Вот почему и как исследователей (в нашем случае Бахтина, Роменца) с самого начала интересует поступок. При этом Роменец мыслит поступок в качестве развертывающегося процесса, проходящего, как отмечалось, 4 этапа: ситуация, мотивация, действие и последействие [9, С. 16; 10, с. 33-34; 12, С. 35; 13, с. 570].

Ситуация указывает на зависимость поступка от обстоятельств жизни и необходимость их осваивающего распредмечивания. То есть, осмотрительно-внимательного вникания, проникновения их потаенностью (каковой является и сам поступающий человек).

Мотивация означает человеческую активность по разбирательству в движущих причинах, выводящих потаенно сущее в непотаенность. Можно и так сказать: перед нами духовно-практическое трансцендирование наличной ситуации превращением ее посредством целеполагания в освоенную действительность. Здесь, опять же, важно не сводить дело к деятельности, сугубо производящего достоинства.

Действие же (собственно поступок) есть непосредственная человеко-бытийная реализация, связывающая и запускающая необходимые материально-целевые причины, которые изводят потаенное в непотаенность. Так непосредственный поступок преображает самого человека и его окружение, так жизнь обогащается новизной.

Наконец, последействие выражает «рефлексию» над свершенным и над зачином следующего поступка, перманентно вытекающего из предыдущего.

Надо отметить, что Владимир Андреевич не без удовольствия отмечает, что и Бахтин близок к нему в таком, процессуальном подходе к поступку [7, с. 11]. Важно еще подчеркнуть, что будет очень неправомерно истолковывать протекание поступка, и означенных стадий его развертывания (а тут очевидны и подстадии) в процедурно-технологическом ключе. Видимо, в каждом типе и форме практической деятельности этапы, стадии, структурные элементы процесса поступка наполняются своими конкретно-историческим содержанием и смыслами.

Здесь не мешает повториться. Реализовать поступок намеченным образом, при условии, что он осмысливается, не выходя за пределы сугубо производяще-технологических установок-подходов, принципиально невозможно. Ибо в лице подлинного (непроизводственно-ограниченного) поступка перед нами творчество, выражающее живую, многогранную целостность, единство человека и мира, человека и бытия, человека с самим собой. И речь нужно вести не просто о единстве, взаимослиянности человека со своим окружением как вовне, так и внутри, когда он по своей особности как бы исчезает здесь. В том-то и дело, что человек в означенной слиянности с окружением не исчезает, не теряет особность, самостоятельность. И сохраняет все это он для себя, поскольку не противостоит некоторым субъектом всему вокруг, но находится в теснейшей взаимопроникновенной слиянности с ним. Он живет, черпая энергию, силы, знания, умения, одухотворенность, смыслы и истины своего существования из мира, бытия, времени, всего ДРУГОГО. И, таким образом, — будучи, к тому же, конкретным, сознательным носителем, представителем, со-творцом бытия и мира, следовательно, самого себя, — обретает своеобразие, уникальность как личности, экзистенции, человеческого бытия. Такую же уникальность, исключительность приобретает, понятно, поступок. Он принципиально не рационализируем, не выразим средствами модерновой теоретичности, логики.

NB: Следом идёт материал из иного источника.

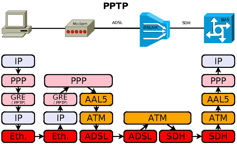( RFC 2637 ) Protocole Microsoft permettant de créer sur un réseau IP un tunnel de transfert pour le protocole PPP. Ce protocole se compose d'une liaison de contrôle basée sur TCP/IP et un tunnel basé sur GRE. Les trames PPP sont encapsulées dans les trames GRE. Ce protocole était surtout utilisé avec les modems ethernet. Son successeur est L2TP.
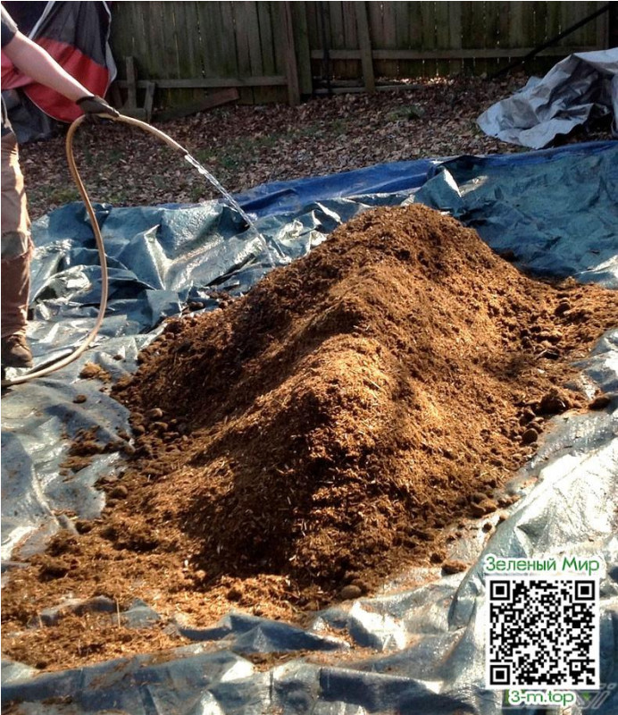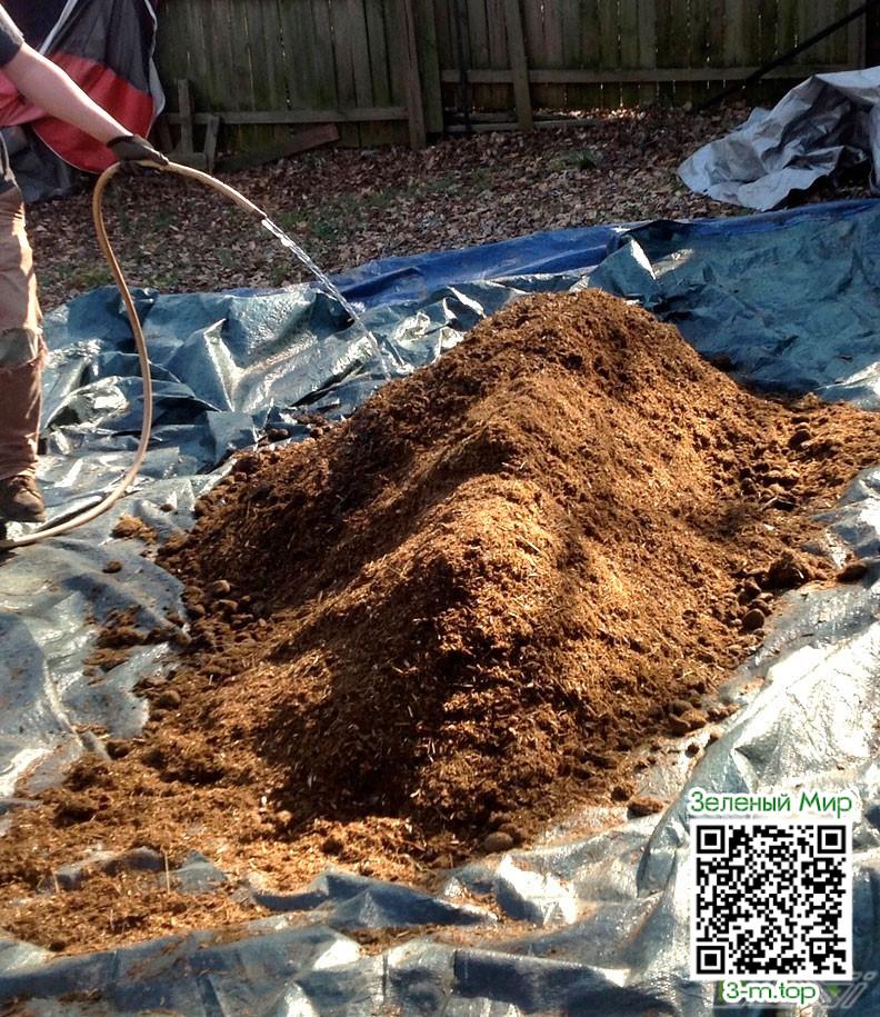 3. Регулярно поливайте смесь, т.к в сухом грунте все процессы компостирования прекращаются. Субстрат должен быть влажным, но не мокрым, не забывайте прикрывать смесь брезентом.

Самое же главное, в поступке, выражающем осваивающую практику, дело идет не только и не столько о человеке. Того хуже, — о субъекте, утилитаристском или каком другом эгоисте-потребителе, связанном с действием производящей закваски. С самого начала сказывают себя другие со-участники вершимого в поступке. Ведь последний, единя человека с бытием и миром, — не односторонняя человекоцентрическая активность, не своемерные дела и «подвиги» людей. В осваивающем поступке, отказывающемся от антропоцентрических поползновений в понимании действительности, происходящего, главными, ведущими сторонами выступают время, бытие, мир, ДРУГИЕ участники поступка как всегда обоюдостороннего творчества. Это, среди прочего, означает, в частности, касательно мира: он есть то, чем раскрывается своим содержанием в поступке. А последний есть то, что составляет отношение человека к миру. «Поступок является инструментом раскрытия мира, приобретение им определений. И это определение неповторимое, единственное в своем роде[8], что-то похоже на монаду Лейбница» [7, с. 12]. Оно и понятно. У каждого поступающего — свое уникальное место. Каждый поступок тоже уникален. Отсюда и монадичность его. Ибо уникальность такова лишь в связи с универсальностью.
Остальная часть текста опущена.